The model is not the agent. The stateless service is not the agent. The context window stuffed with tokens is not memory. We have been treating the Semantic Processing Unit as if it were the whole system, and building the economics, the infrastructure, and the organizational expectations around that mistake.

The infrastructure gap is real. The economic model does not yet exist. We do not have a Statefulness As A Service model yet. The substrate is not ready. None of that changes the diagnosis and the diagnosis has to come first. You cannot build the right infrastructure for something you have not defined correctly. You cannot scale a solution to a problem you have not named.

That is the gap this paper is asking you to close. Not by yourself. Together.

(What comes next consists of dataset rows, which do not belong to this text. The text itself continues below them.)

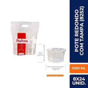 Pote redondo para Bolo de Pote 1000 Ml com tampa C/8x24 Un (PRAFESTA)
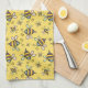 Cute repeat pattern of lots of bumble bees on a yellow background.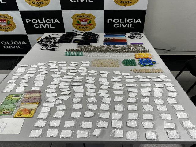 Nesta quarta-feira, 10/12, numa ação conjunta com policiais militares do 55º Batalhão, policiais civis do 4º Distrito Policial deram cumprimento a Mandados de Busca e Apreensão em três locais no Jardim Nova Esperança. Em um deles, os agentes localizaram e apreenderam 32 porções de skunk, 223 de cocaína, 187 de crack e 170 de maconha, todas embaladas individualmente e prontas para o comércio. Também foram apreendidos quatro rádios comunicadores, celulares e R$ 25 em dinheiro. Uma pessoa foi presa em flagrante e encontra-se à disposição da Justiça.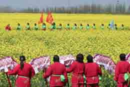 第三屆中國·河橫菜花節(jié)日前在江蘇姜堰沈高鎮(zhèn)河橫村開幕,吸引了眾多游人。河橫村是全國農(nóng)業(yè)旅游示范點(diǎn),曾被聯(lián)合國環(huán)境規(guī)劃署授予生態(tài)環(huán)境“全球500佳”稱號。圖為河橫村的農(nóng)民腰鼓隊(duì)走在油菜田里。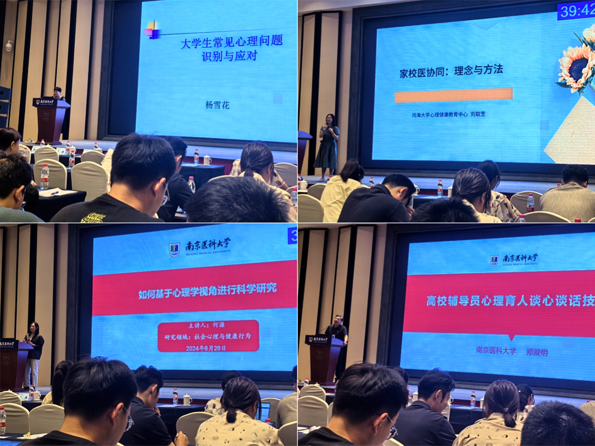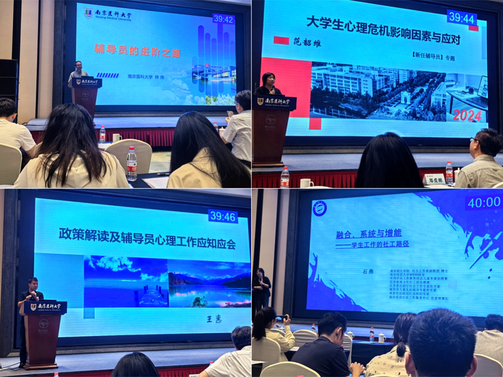 次日,南京航空航天大学心理健康教育中心主任杨雪花老师主讲的 “大学生常见心理问题识别与应对”,为辅导员在日常工作中及时发现和处理学生心理问题提供了实用方法;河海大学学生工作处副处长刘取芝老师带来的 “家校医协同:理念与方法”,凸显了家庭、学校和医院三方合作在学生心理健康教育中的重要性;南京医科大学马克思主义学院何源教授的 “如何基于心理学视角进行科学研究”,为辅导员开展心理研究开拓了新的思路与方法;南京晓庄学院旅游与社会管理学院石燕副教授主讲的 “系统、增能与治理:高校学生工作的社工路径”,拓宽了辅导员们的工作视野;最后,江苏省高校心理健康与研究中心(江宁基地)主任郑爱明老师分享了 “高校辅导员心理育人谈心谈话技巧”,为辅导员与学生进行有效沟通提供了宝贵经验。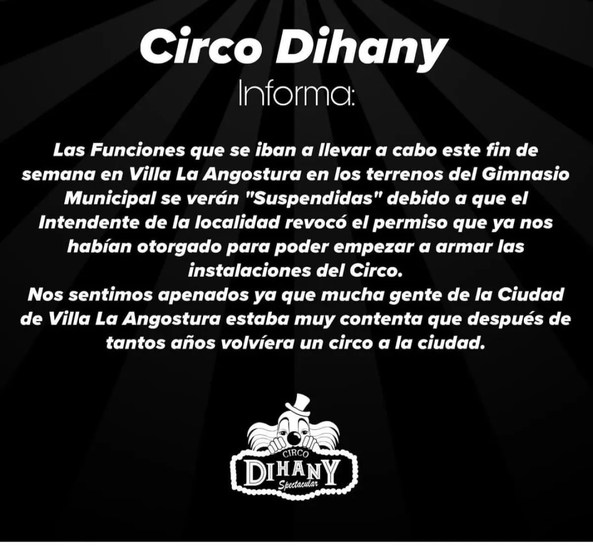 Sociedad El comunicado del Circo luego de ser penalizado por el municipio 26/02/2025 El comunicado del Circo luego de ser penalizado por el municipio Te puede interesar El Grupo de Rescate convoca a Asamblea General para renovar autoridades Reforzarán la prevención en rutas durante el fin de semana largo Super e hipermercados deberán exhibir QR con precios actualizados de la canasta básica La Escuela Especial 18 ya tiene gas natural Día del Animal en Villa La Angostura: Vacunación y juegos gratis Uso de celulares en escuelas de Neuquén: La nueva reglamentación La Escuela Especial N° 18 ya cuenta con gas natural Corte de luz programado para la mañana de hoy: qué barrio será afectado Últimas noticias Voluntarios sostuvieron un Hogar para hombres en situación de calle durante cinco meses El Grupo de Rescate convoca a Asamblea General para renovar autoridades Los Cachorros fueron nominados a los premios Berbel 2026 Reforzarán la prevención en rutas durante el fin de semana largo Super e hipermercados deberán exhibir QR con precios actualizados de la canasta básica Bomberos controlaron incendio en obra en construcción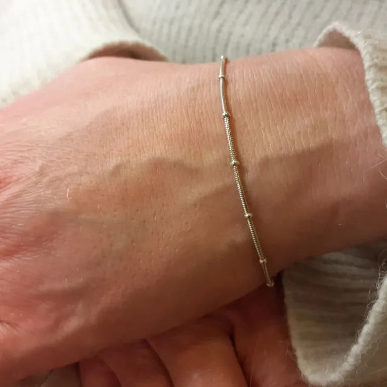Silverarmband, armband med rund ormlänk som kedja med kulor som dekoration.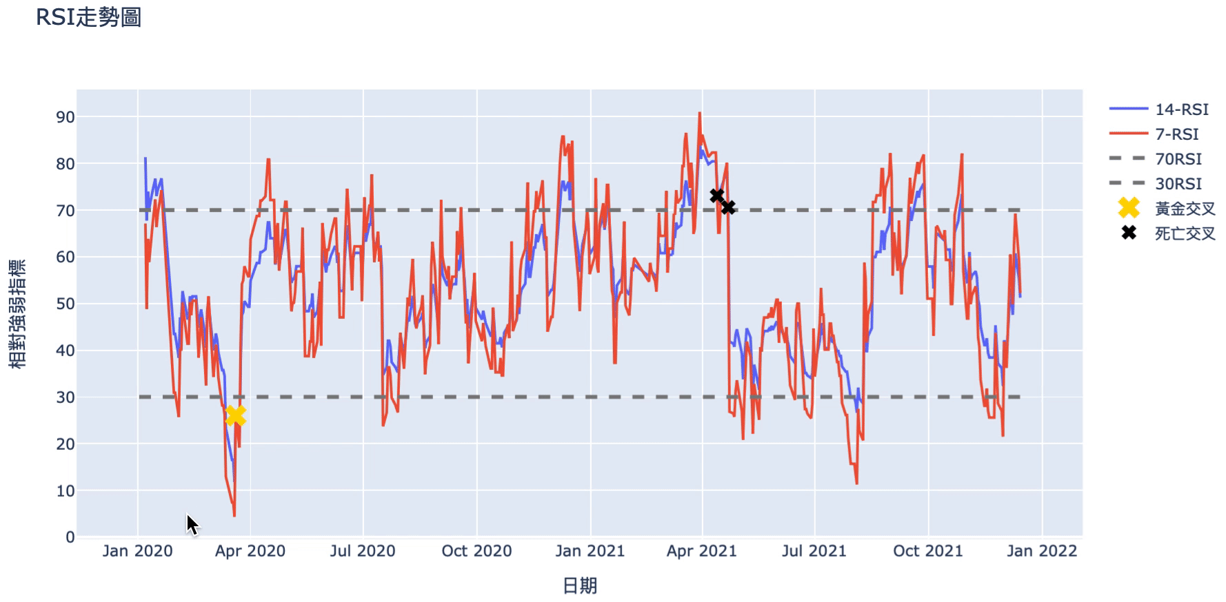 if stock_data.loc[i, '14日相對強弱指標'] <= 30 and stock_data.loc[i-1, '14日相對強弱指標'] > stock_data.loc[i-1, '7日相對強弱指標'] and stock_data.loc[i, '14日相對強弱指標'] <= stock_data.loc[i, '7日相對強弱指標'] and trade == 0: signal.append(1000)
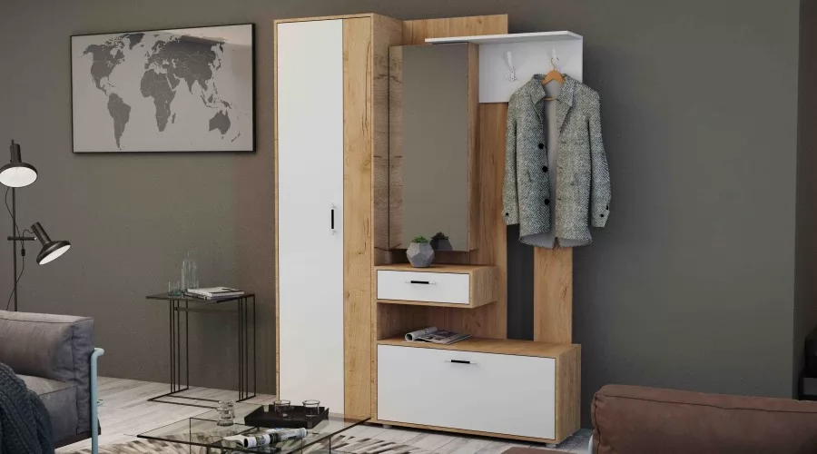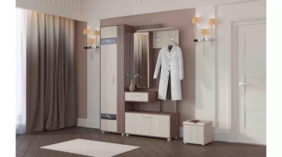 Секция с зеркалом (зеркало имеет широкий фацет по периметру) может быть собрана как на левую, так и на правую сторону. Фасады шкафов универсальные и могут быть установлены в зеркальном отображении, что позволяет открывать шкаф как на левую, так и на правую сторону. В наполнение шкафа-пенала входит выдвижная штанга и четыре полки. В качестве дополнительного декора фасадов использовано декоративное стекло с широким фацетом и рисунком, окрашенное по специальной технологии, усиливающее глубину восприятия. Створка обувницы имеет два газ лифта, выдвижной ящик на роликовых направляющих, применены регулируемые по высоте опоры, высокопрочные крючки. Задние стенки и дно ящика выполнены из ламинированного и облагороженного ЛДВП в цвет корпуса.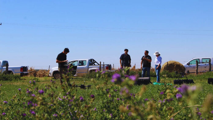 La propuesta consiste en protocolos de evaluación simples, prácticos e innovadores que a través de vuelos con drones y el uso de la plataforma de agricultura digital –Vistaguay– se pueda cuantificar la cobertura que presenta el cultivo de alfalfa en la siembra y a lo largo de su vida útil.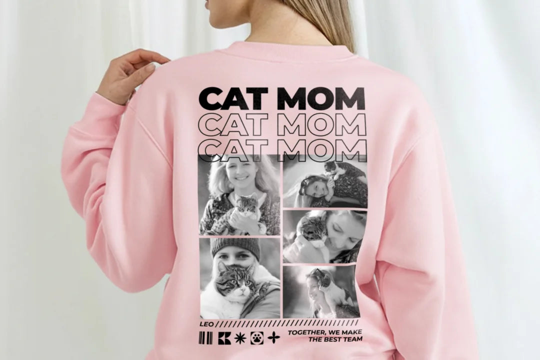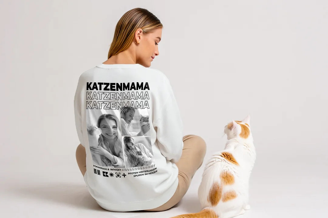 Der personalisierte „Cat Mom“-Hoodie ist mehr als nur ein Kleidungsstück – er ist ein Statement deiner innigen Verbindung zu deiner Fellnase. Gestalte ihn mit bis zu 8 deiner Lieblingsfotos, individuellen Namen und liebevollen Sprüchen. So wird aus einem Hoodie ein echtes Herzensstück, das dich jeden Tag begleitet.
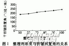 由表1知,NEC樹脂整理織物的干折皺回復角(經+緯)最大,強力保留率也較好,因此選用低甲醛樹脂整理劑NEC做進一步試驗。2.1.2 整理劑濃度的影響.jpg)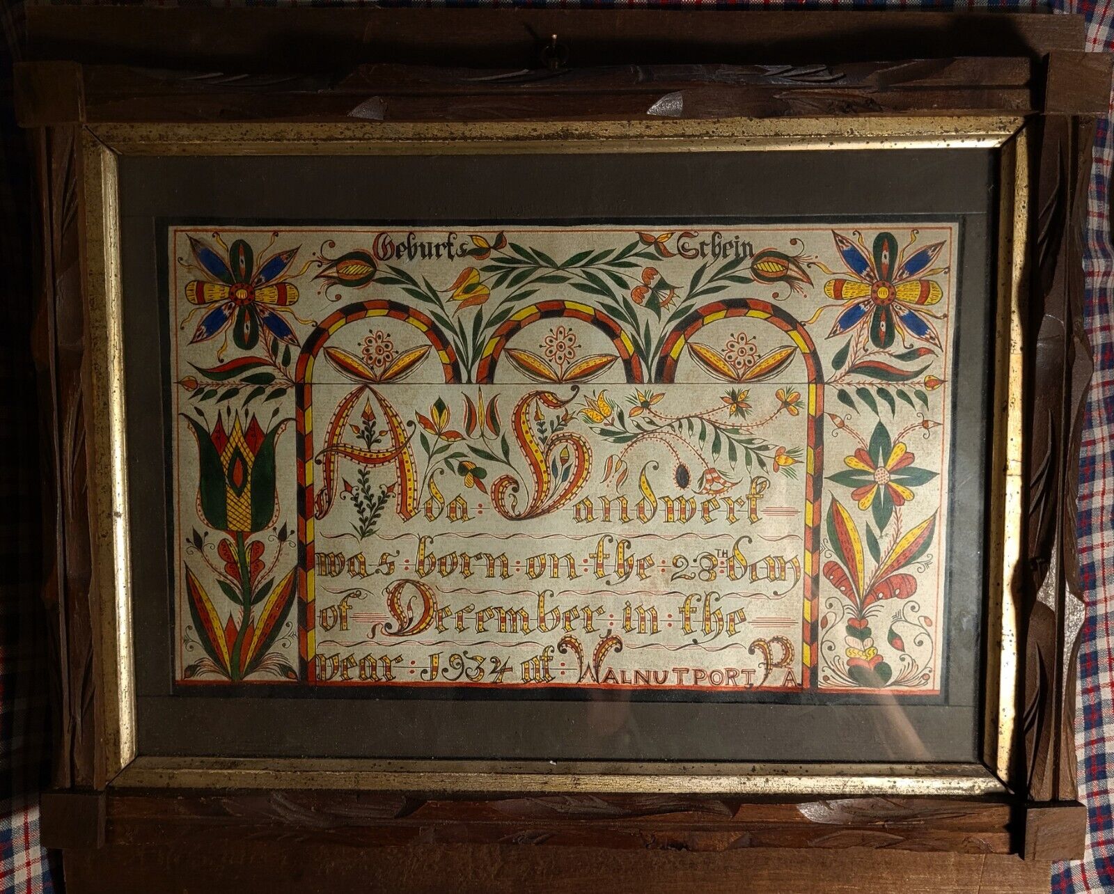Title (ebay affiliate link): A Superb Vintage Hand Done Fraktur Birth Certificate original Walnut Frame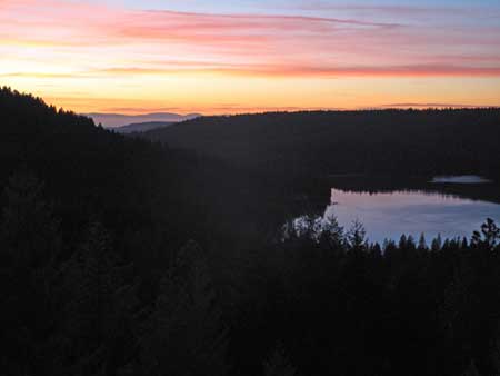 Sunset over Scotts Flat Lake from my deck 2/3/11 In the background is the Coast Range

The engineering community invented SaaS to make stateless services economically viable at scale. It invented IaaS to make compute infrastructure accessible. It invented containerization to make deployment reproducible. Each of those was a paradigm shift that came from practitioners facing a real problem and refusing to accept that the current model was the only model.

We are at that moment again.

The model is not the agent. The model is the Semantic Processing Unit of the agent. Until the field owns that distinction, we will keep building Level B solutions and calling them Level C achievements.

So here is the question this paper puts to the community:

Now that we have named it, what are we going to do about it?

The discussion starts here.

References#

Shannon, C.E. (1948). “A Mathematical Theory of Communication.” Bell System Technical Journal, 27(3), 379–423.

Weaver, W. (1949). “Recent Contributions to the Mathematical Theory of Communication.” In Shannon, C.E. & Weaver, W., The Mathematical Theory of Communication. University of Illinois Press.

Vaswani, A., et al. (2017). “Attention Is All You Need.” arXiv:1706.03762.

Latour, B. (1992). “Where Are the Missing Masses? The Sociology of a Few Mundane Artifacts.” In Bijker, W.E. & Law, J. (Eds.), Shaping Technology/Building Society. MIT Press.

Kolny, M. (2023). “Scaling up the Prime Video audio/video monitoring service and reducing costs by 90%.” Amazon Prime Video Tech Blog.